• EXERCISE OBJECTIVE
Your job with the data below is to output exactly the lines from the one holding "Gamma Flex, baterie" down to the one holding "APP was designed", both included, and no others.

• PROVIDED RECORDS

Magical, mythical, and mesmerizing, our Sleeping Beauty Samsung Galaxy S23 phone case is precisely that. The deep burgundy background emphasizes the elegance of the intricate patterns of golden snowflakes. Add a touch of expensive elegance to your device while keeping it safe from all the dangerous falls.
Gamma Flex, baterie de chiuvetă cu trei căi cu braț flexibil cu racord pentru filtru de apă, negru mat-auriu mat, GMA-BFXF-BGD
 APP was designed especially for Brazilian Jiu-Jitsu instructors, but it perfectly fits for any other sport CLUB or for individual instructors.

--

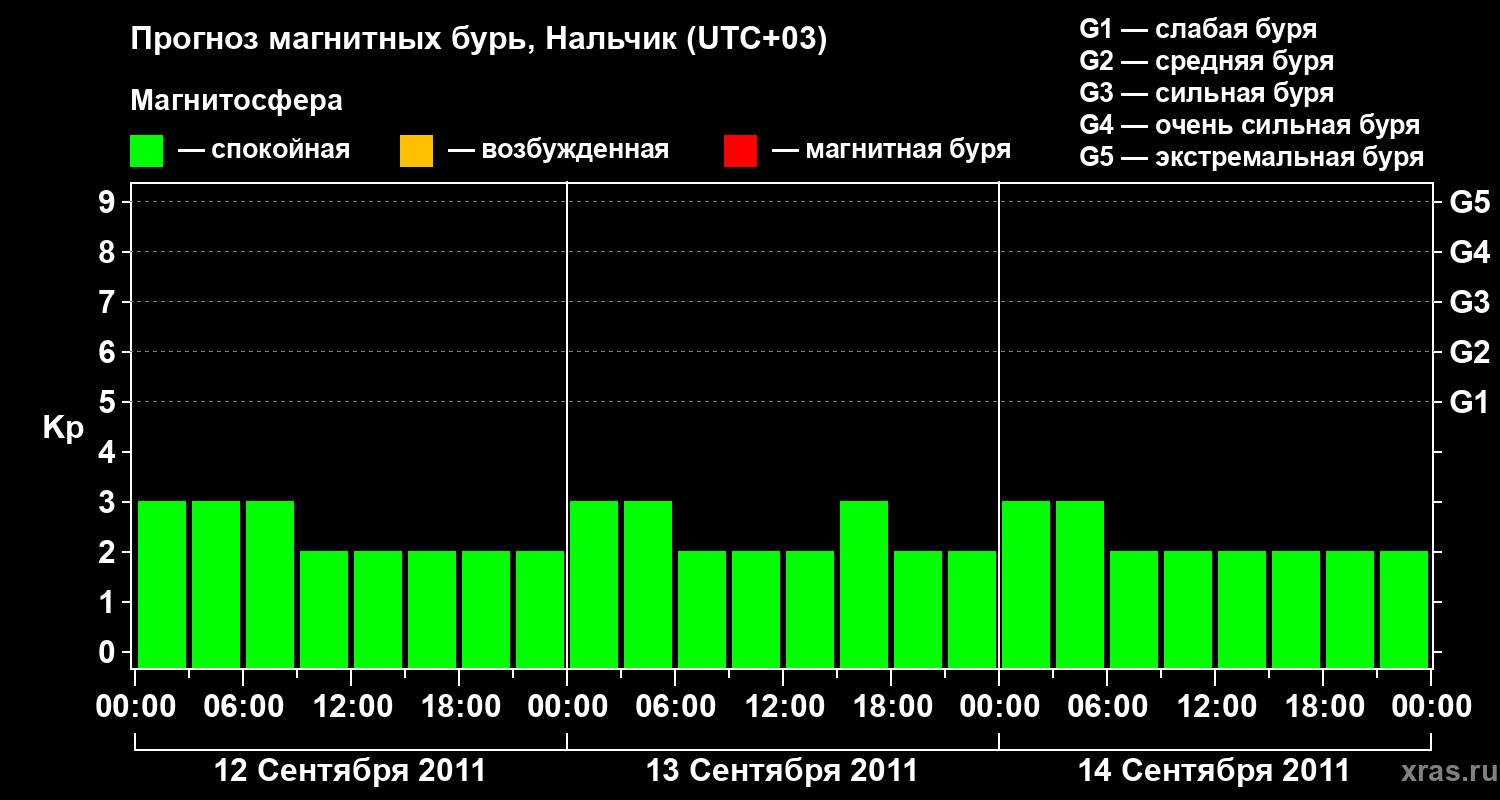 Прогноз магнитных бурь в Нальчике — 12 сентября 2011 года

• RESPONSE BELOW
Gamma Flex, baterie de chiuvetă cu trei căi cu braț flexibil cu racord pentru filtru de apă, negru mat-auriu mat, GMA-BFXF-BGD
 APP was designed especially for Brazilian Jiu-Jitsu instructors, but it perfectly fits for any other sport CLUB or for individual instructors.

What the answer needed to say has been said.